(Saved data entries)
■ ■ ■ ■

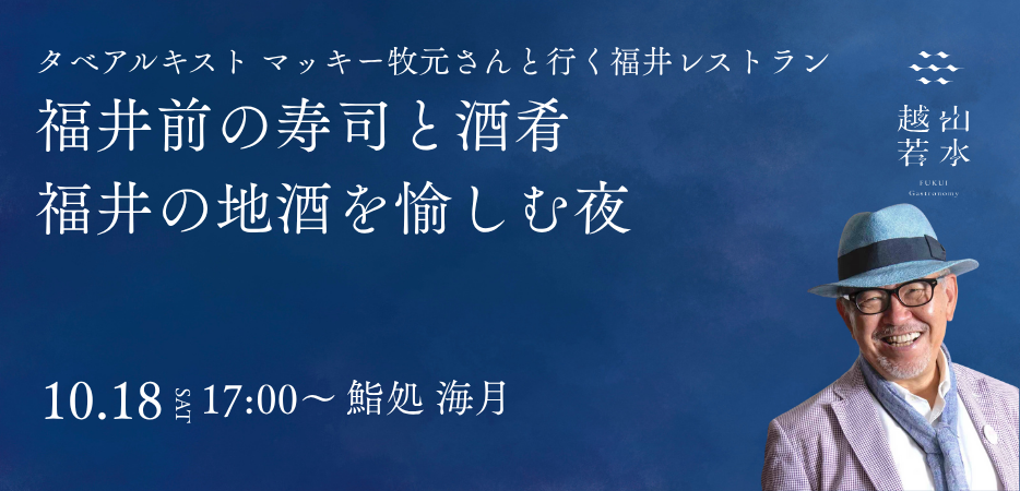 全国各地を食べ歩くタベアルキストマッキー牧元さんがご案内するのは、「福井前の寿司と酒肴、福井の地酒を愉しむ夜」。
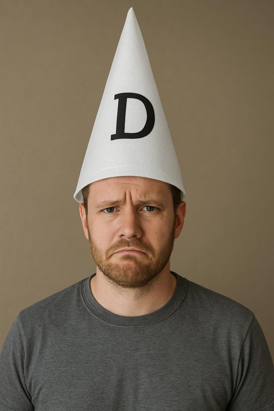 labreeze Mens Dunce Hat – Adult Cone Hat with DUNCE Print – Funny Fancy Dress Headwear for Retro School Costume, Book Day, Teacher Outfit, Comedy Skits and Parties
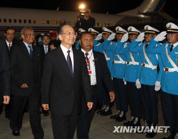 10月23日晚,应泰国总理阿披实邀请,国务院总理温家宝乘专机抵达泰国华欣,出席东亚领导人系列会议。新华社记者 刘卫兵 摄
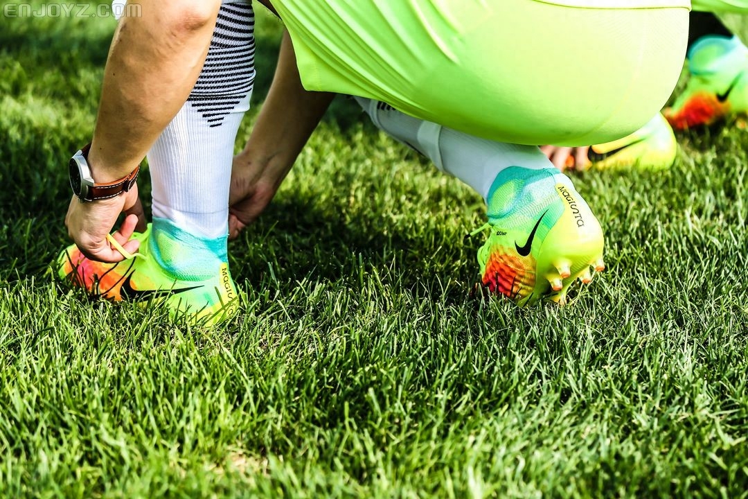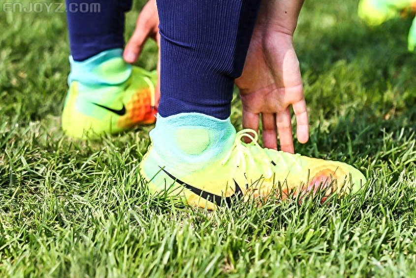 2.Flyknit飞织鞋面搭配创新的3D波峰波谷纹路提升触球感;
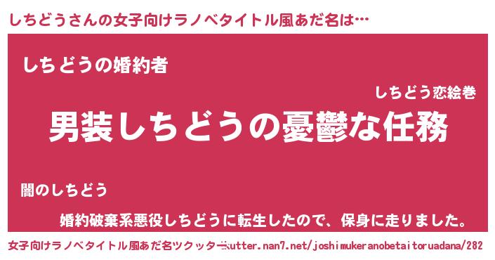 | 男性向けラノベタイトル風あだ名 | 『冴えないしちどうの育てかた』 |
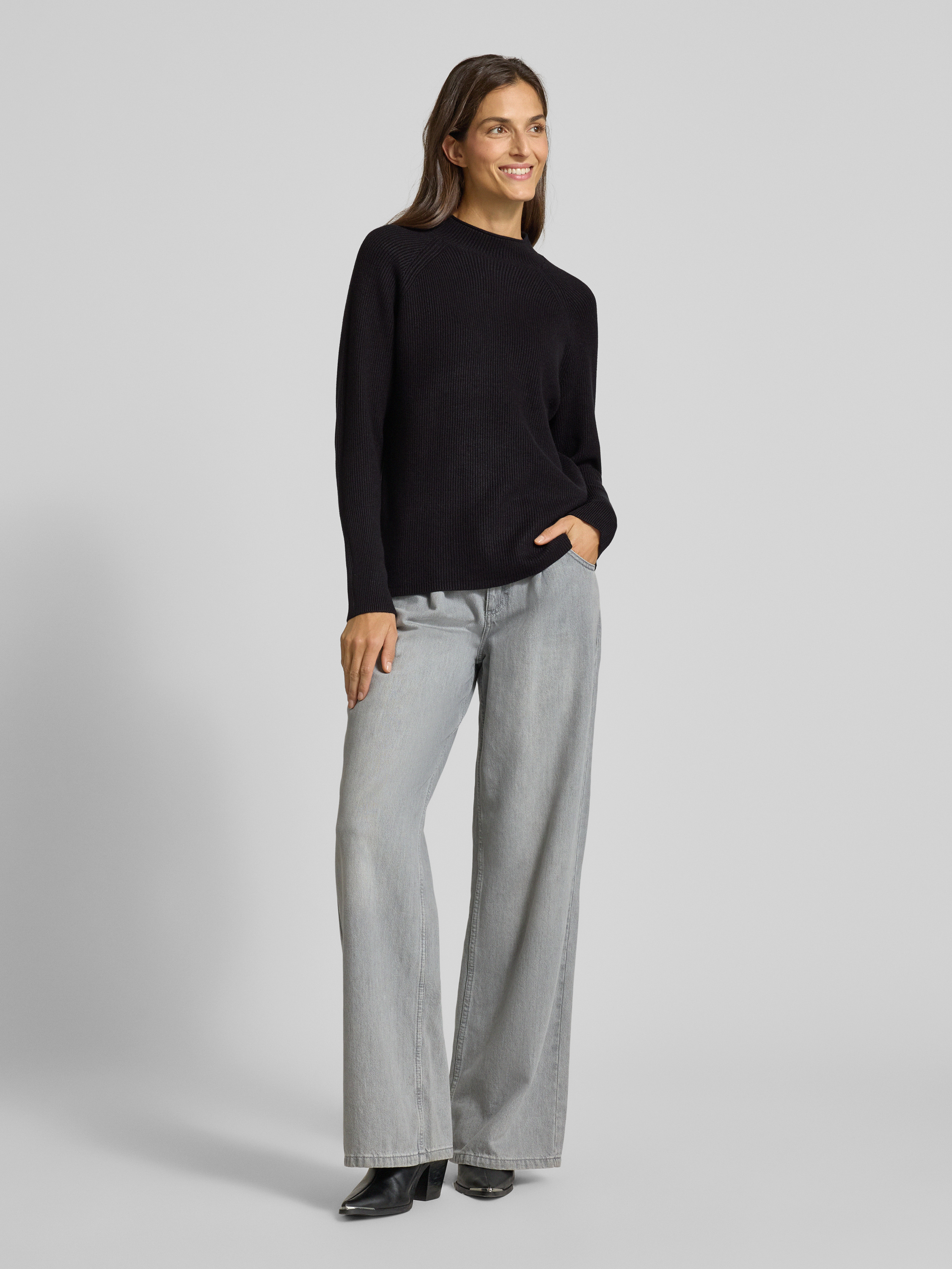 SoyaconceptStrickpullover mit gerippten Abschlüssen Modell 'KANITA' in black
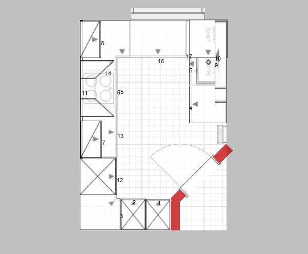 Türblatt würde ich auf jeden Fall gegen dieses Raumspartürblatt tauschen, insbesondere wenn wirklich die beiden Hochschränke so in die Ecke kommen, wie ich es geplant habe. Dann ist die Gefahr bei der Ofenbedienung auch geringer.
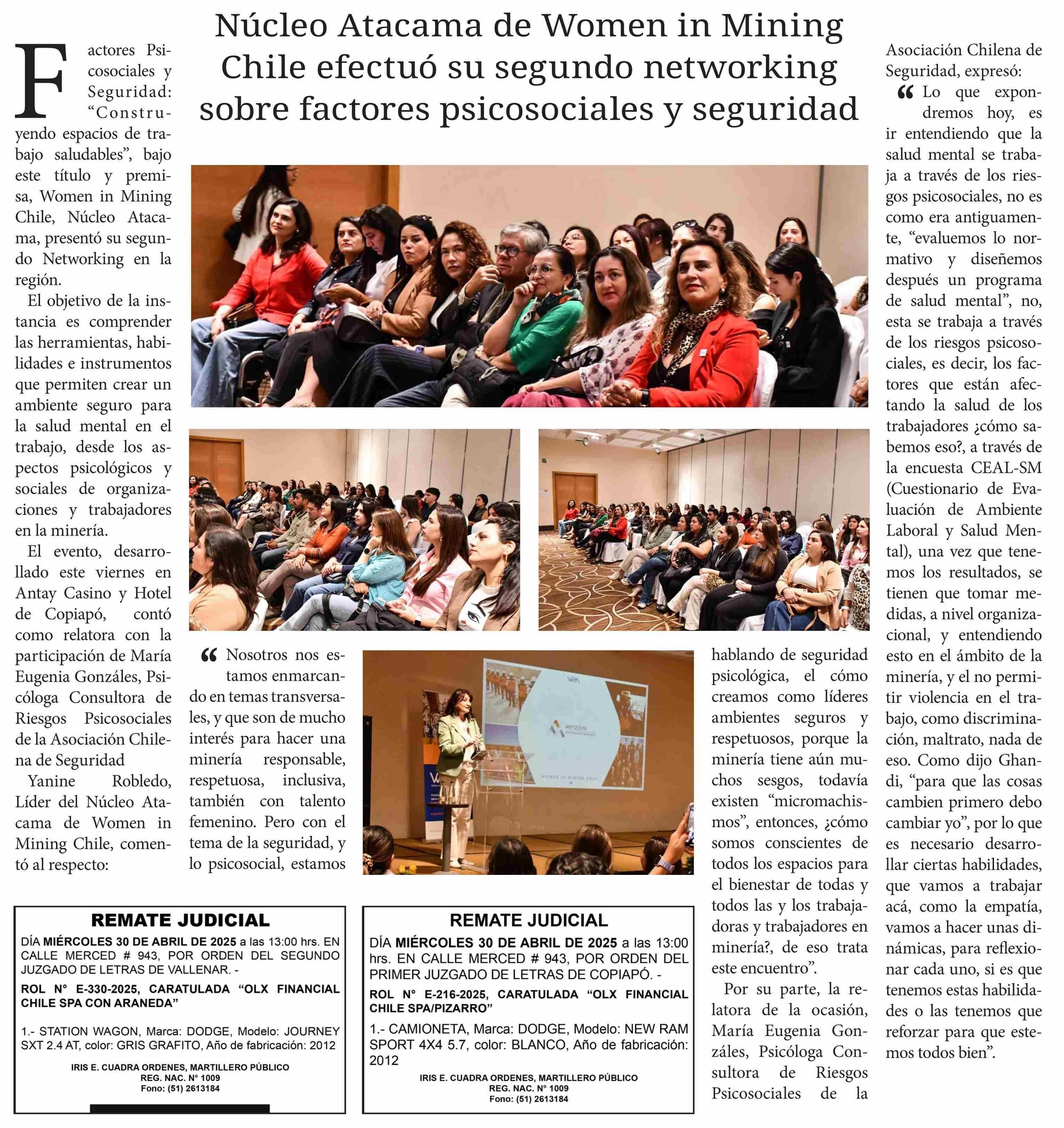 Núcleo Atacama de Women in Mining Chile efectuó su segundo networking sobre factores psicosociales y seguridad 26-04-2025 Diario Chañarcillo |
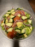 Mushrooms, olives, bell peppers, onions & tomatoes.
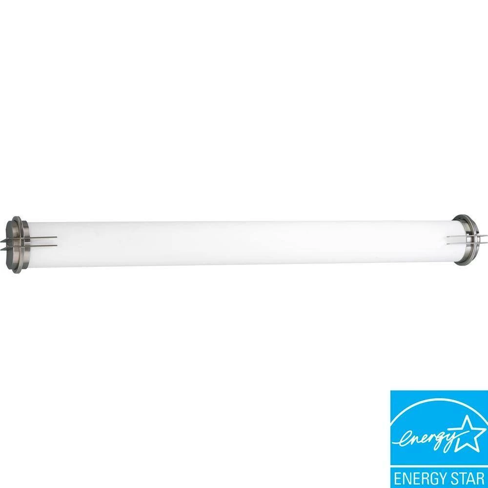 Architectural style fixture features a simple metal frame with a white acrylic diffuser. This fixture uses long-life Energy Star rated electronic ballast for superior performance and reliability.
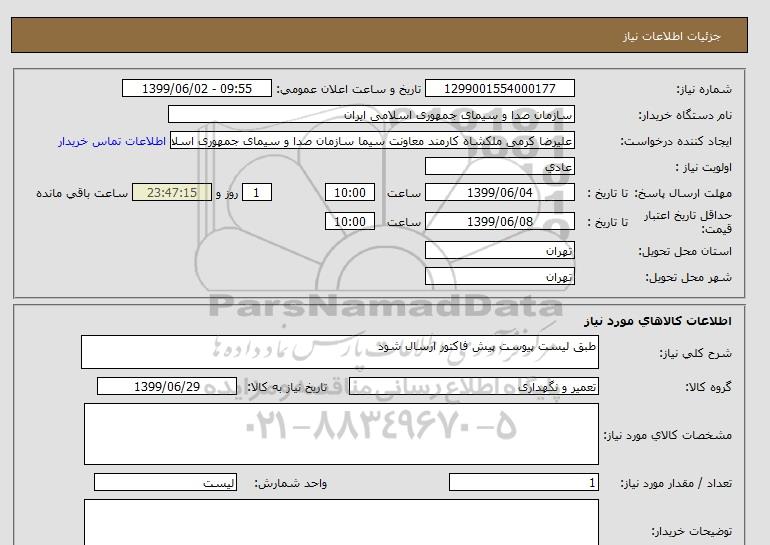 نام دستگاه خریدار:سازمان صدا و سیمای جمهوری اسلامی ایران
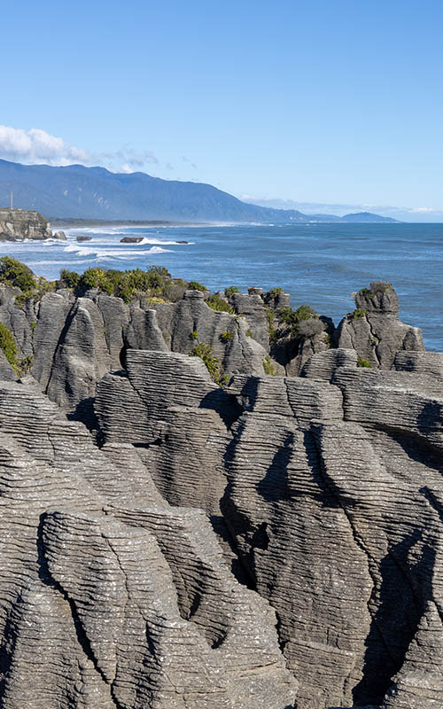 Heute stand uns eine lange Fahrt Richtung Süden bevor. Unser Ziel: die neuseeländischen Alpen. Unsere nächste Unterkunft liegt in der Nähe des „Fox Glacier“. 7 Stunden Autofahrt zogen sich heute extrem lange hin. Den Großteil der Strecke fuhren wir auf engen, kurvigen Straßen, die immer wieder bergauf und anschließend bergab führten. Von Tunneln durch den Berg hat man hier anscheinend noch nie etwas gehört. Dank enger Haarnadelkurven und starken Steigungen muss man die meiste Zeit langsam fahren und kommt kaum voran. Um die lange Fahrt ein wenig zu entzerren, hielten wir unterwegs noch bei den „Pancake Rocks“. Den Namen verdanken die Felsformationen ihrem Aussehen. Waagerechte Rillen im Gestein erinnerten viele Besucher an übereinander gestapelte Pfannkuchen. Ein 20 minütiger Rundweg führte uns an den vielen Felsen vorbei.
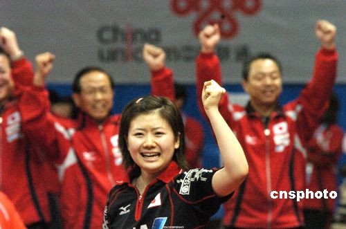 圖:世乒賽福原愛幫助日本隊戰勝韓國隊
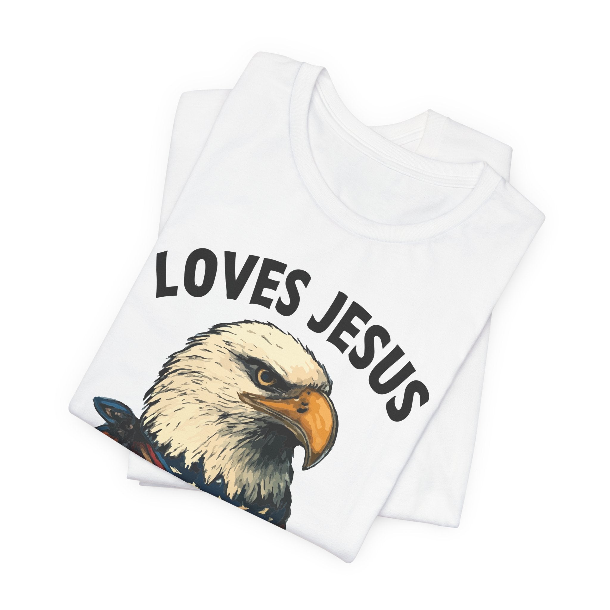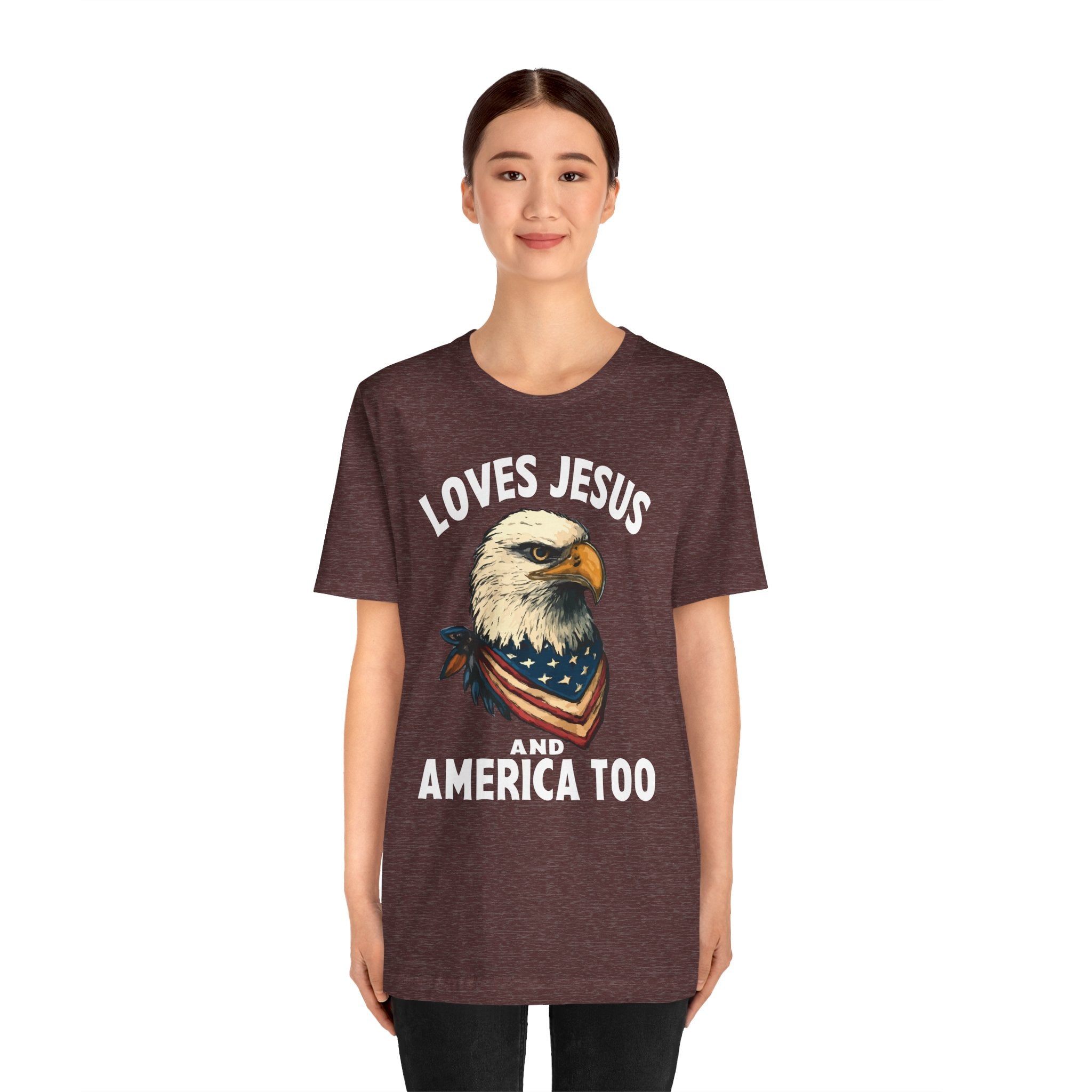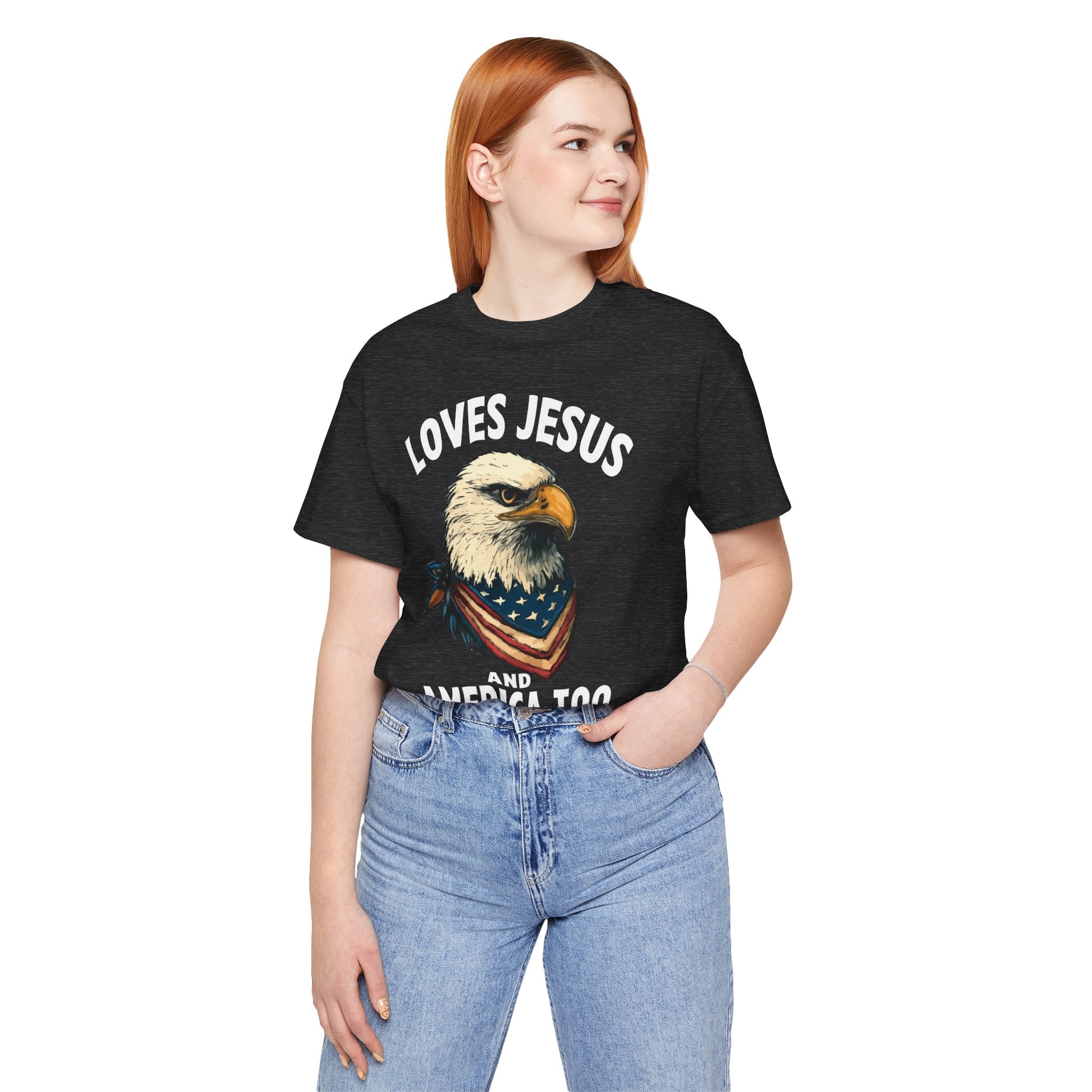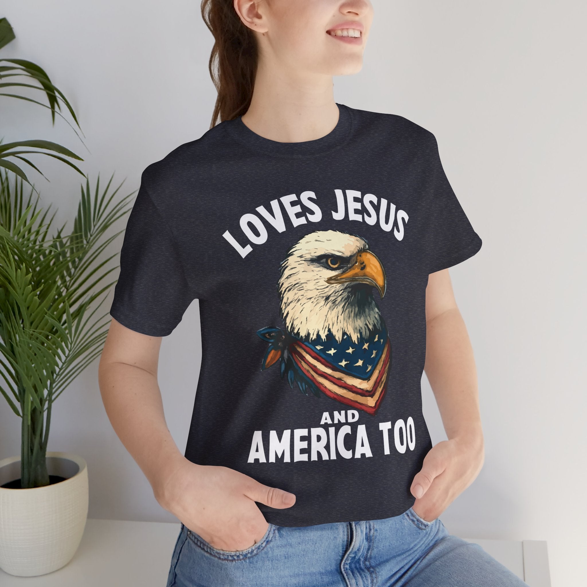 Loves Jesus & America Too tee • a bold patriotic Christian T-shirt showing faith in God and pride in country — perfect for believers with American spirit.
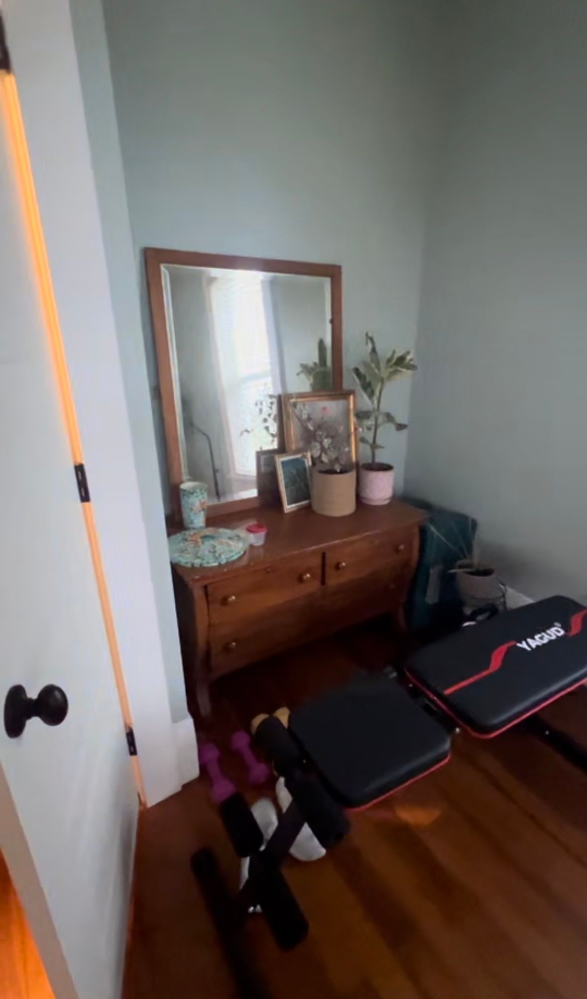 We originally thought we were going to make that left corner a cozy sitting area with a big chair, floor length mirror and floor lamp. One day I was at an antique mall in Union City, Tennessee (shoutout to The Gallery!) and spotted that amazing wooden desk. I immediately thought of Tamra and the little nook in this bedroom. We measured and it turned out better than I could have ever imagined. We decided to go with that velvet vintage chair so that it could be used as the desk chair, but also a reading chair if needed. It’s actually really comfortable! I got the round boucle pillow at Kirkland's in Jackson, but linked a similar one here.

■ ■ ■ ■

### [WHAT TO DO]
Return only the part above that opens with the line containing "Mushrooms, olives, bell" and closes with the line containing "Architectural style fixture", exactly and with both ends, skipping the pictures.

### [RESPONSE BELOW]
 Mushrooms, olives, bell peppers, onions & tomatoes.
 Architectural style fixture features a simple metal frame with a white acrylic diffuser. This fixture uses long-life Energy Star rated electronic ballast for superior performance and reliability.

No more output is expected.